Middleware parameters
The middleware can also receive additional user-defined parameters. For example, if the application needs to verify whether the authenticated user has the specified role before executing a given action, you can create a CheckRole
To receive the role name as an additional parameter. Additional middleware parameters will be $next
The parameters are passed into the middleware:
<? php namespace App\Http\Middleware; use Closure; class CheckRole { /** *Process input request * * @param \Illuminate\Http\Request $request * @param \Closure $next * @param string $role * @return mixed * translator https://xueyuanjun.com */ public function handle($request, Closure $next, $role) { if (! $ request->user()->hasRole($role)) { // Redirect... } return $next($request); } }
Middleware parameters can be passed when defining routes :
Separate the middleware name and parameter name to specify.
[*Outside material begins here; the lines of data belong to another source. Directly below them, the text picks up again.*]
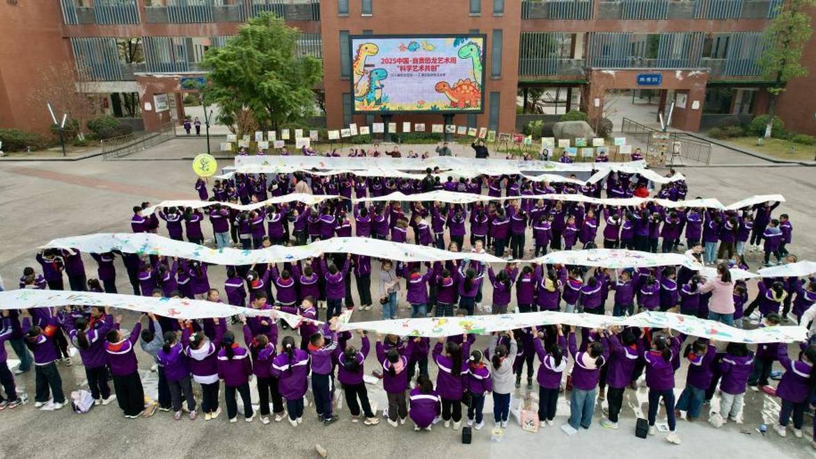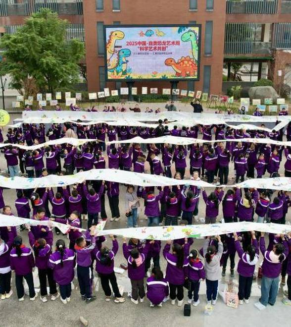 “万人画恐龙”在自贡8校开展,千名中小学生手绘“侏罗纪长卷”:有写实派、也有抽象派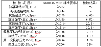 六、技術(shù)指標 執(zhí)行標準:GB18445-2001《水泥基滲透結(jié)晶防水材料》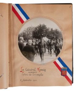 ALBUM du Service “Photo” de l’État-major du Général Kœnig, 1944 ; 108 photographies ou découpes de photographies montées dans un album in-fol., légendes manuscrites et quelques ornements à la gouache, plus 15 photos non montées, reliure cartonnée demitoile noire, titre manuscrit sur le plat sup. avec le drapeau du gouverneur militaire de Paris peint à la gouache.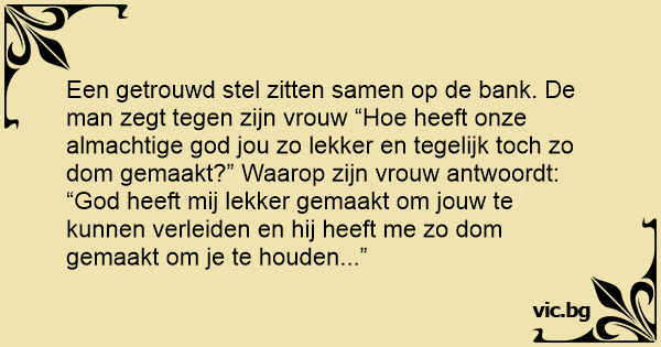 Een getrouwd stel zitten samen op de bank. De man zegt tegen zijn vrouw “Ное heeft onze almachtige god jou zo lekker en tegelijk toch zo dom gemaakt?” Waarop zijn vrouw antwoordt: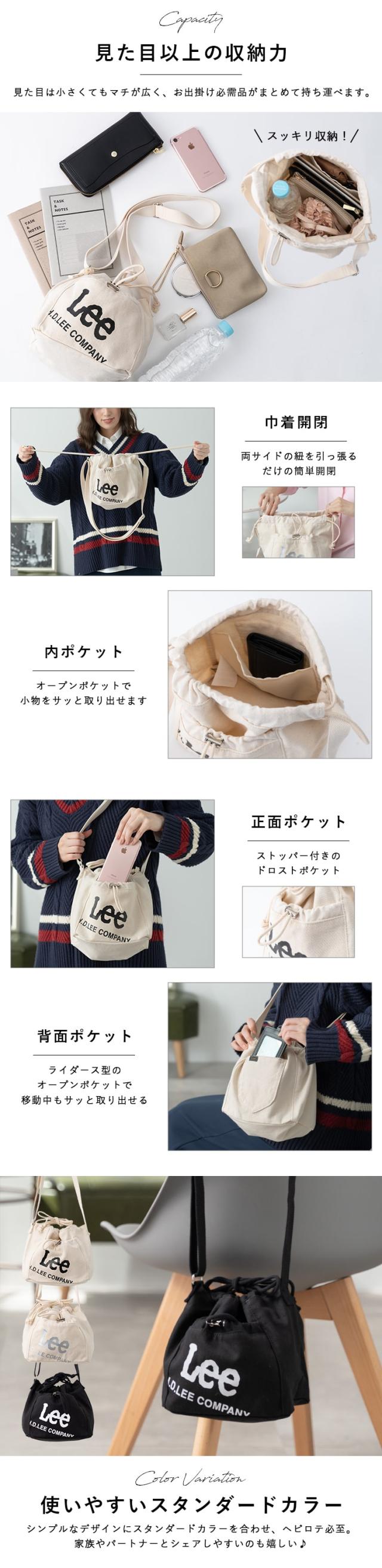 ショルダーバッグ レディース ミニショルダーバッグ ポシェット 斜め掛け ブランド Lee リー 小さめ 巾着 ドロスト キャンバス 布 2way トート 軽量 コンパクト ペットボトル 散歩 サブバッグ プレゼント ギフト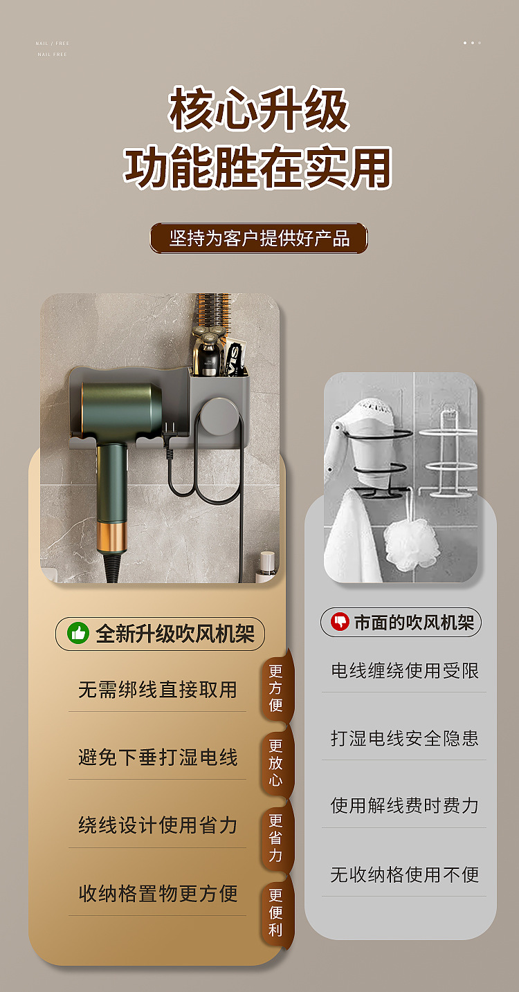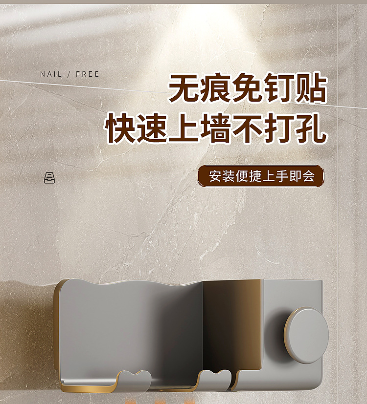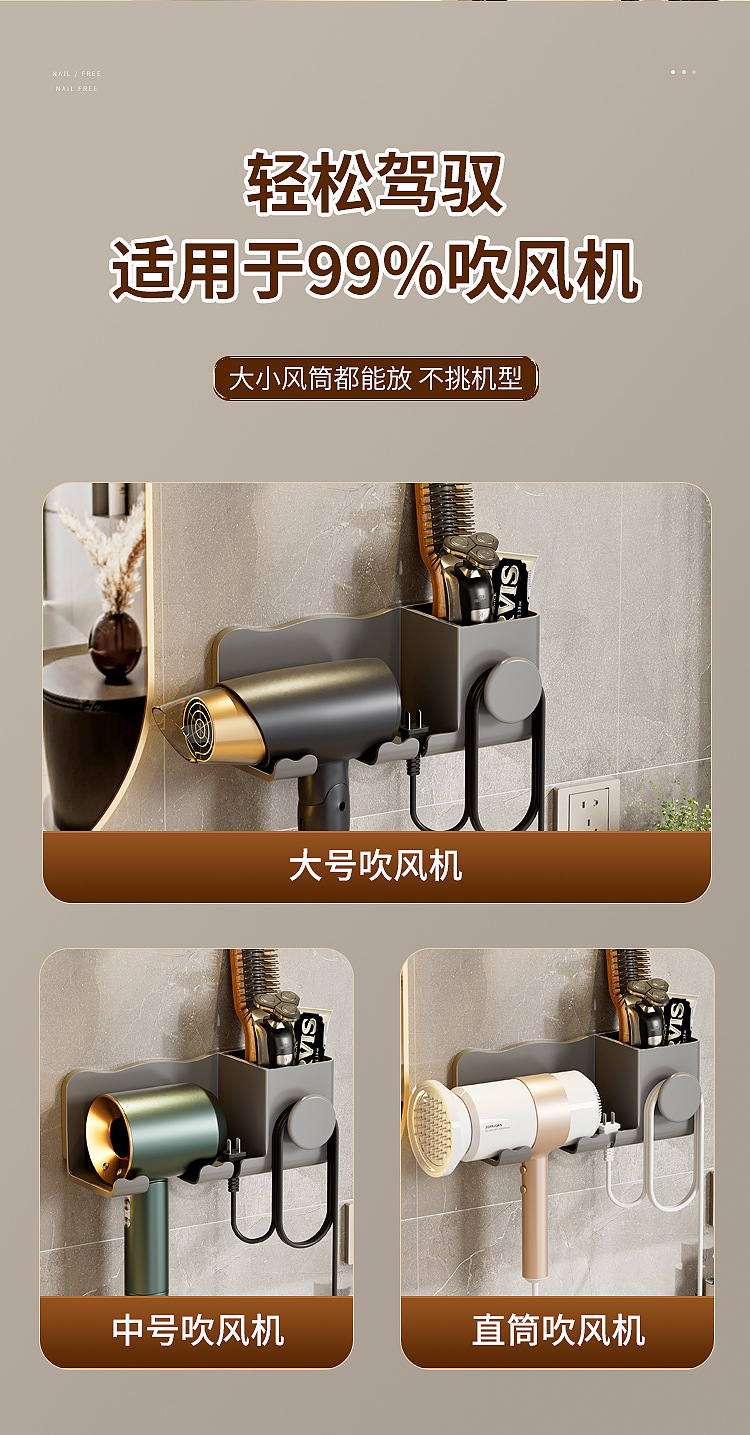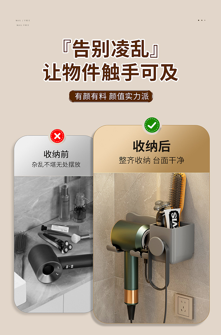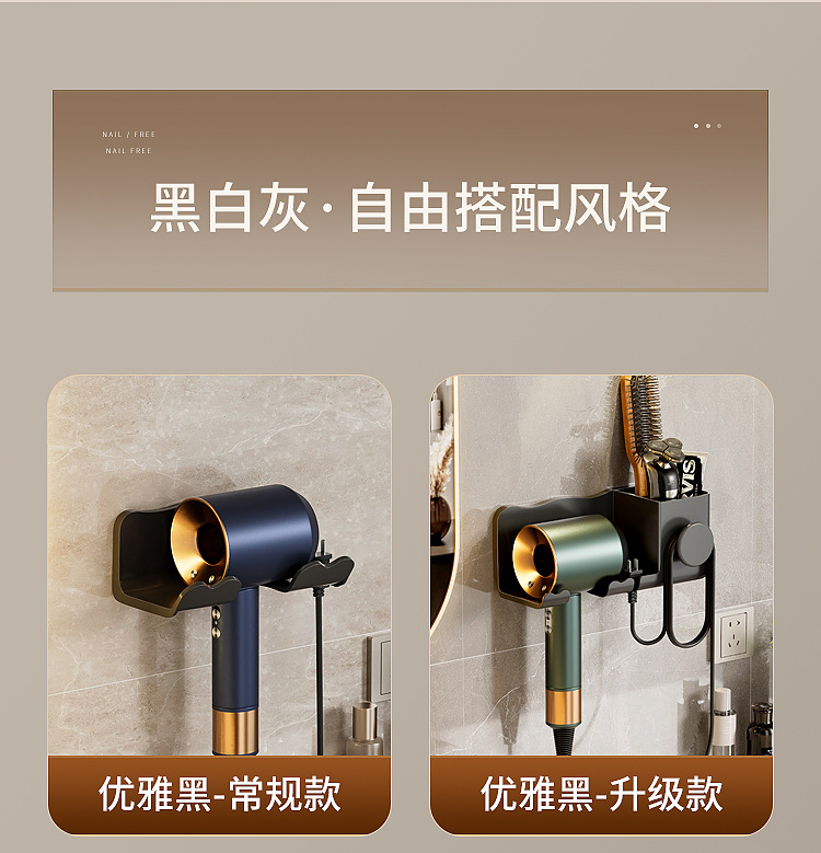 免打孔吹风机置物架奶油色浴室收纳架风筒架子多功能电吹风架批发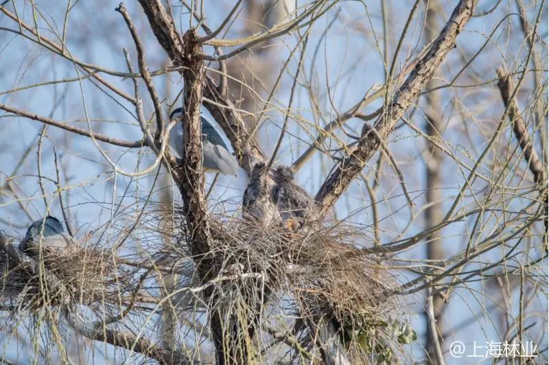 夜鹭通常在寒冬就开始搭建修复爱巢,为繁殖做准备。有的亲鸟二月份就已经孵卵,等到春天的脚步越来越近的时候,夜鹭宝宝已经出生啦。

Multiple middleware parameters can be separated by commas:
Route::put('post/{id}', function ($id) { // })->middleware('role:editor');
According to the above demonstration example, this function is also relatively simple to implement, so it will not be demonstrated separately.
Terminal middleware
Terminal middleware can be understood as a back-end processing middleware. Sometimes the middleware may need to do some work after the HTTP response is sent to the browser, for example, the built-in session
The middleware will write the session data to the memory after the response is sent to the browser. To achieve this function, you need to define a termination middleware and add terminate
Method to this middleware: <? php namespace Illuminate\Session\Middleware; use Closure; class StartSession { public function handle($request, Closure $next) { return $next($request); } public function terminate($request, $response) { //Store session data } }
terminate
Method will receive the request and response as parameters. After defining a terminal middleware, you need to add it to the app/Http/Kernel.php
The global middleware list of the file.
When calling the terminate
Method, Larravel will take a new instance of the middleware from the service container. If you want to call handle
and terminate
When using the same middleware instance, you need to use the singleton
Method to register the middleware to the container in a single instance. We will talk about the service container later, but we won't go further for the time being.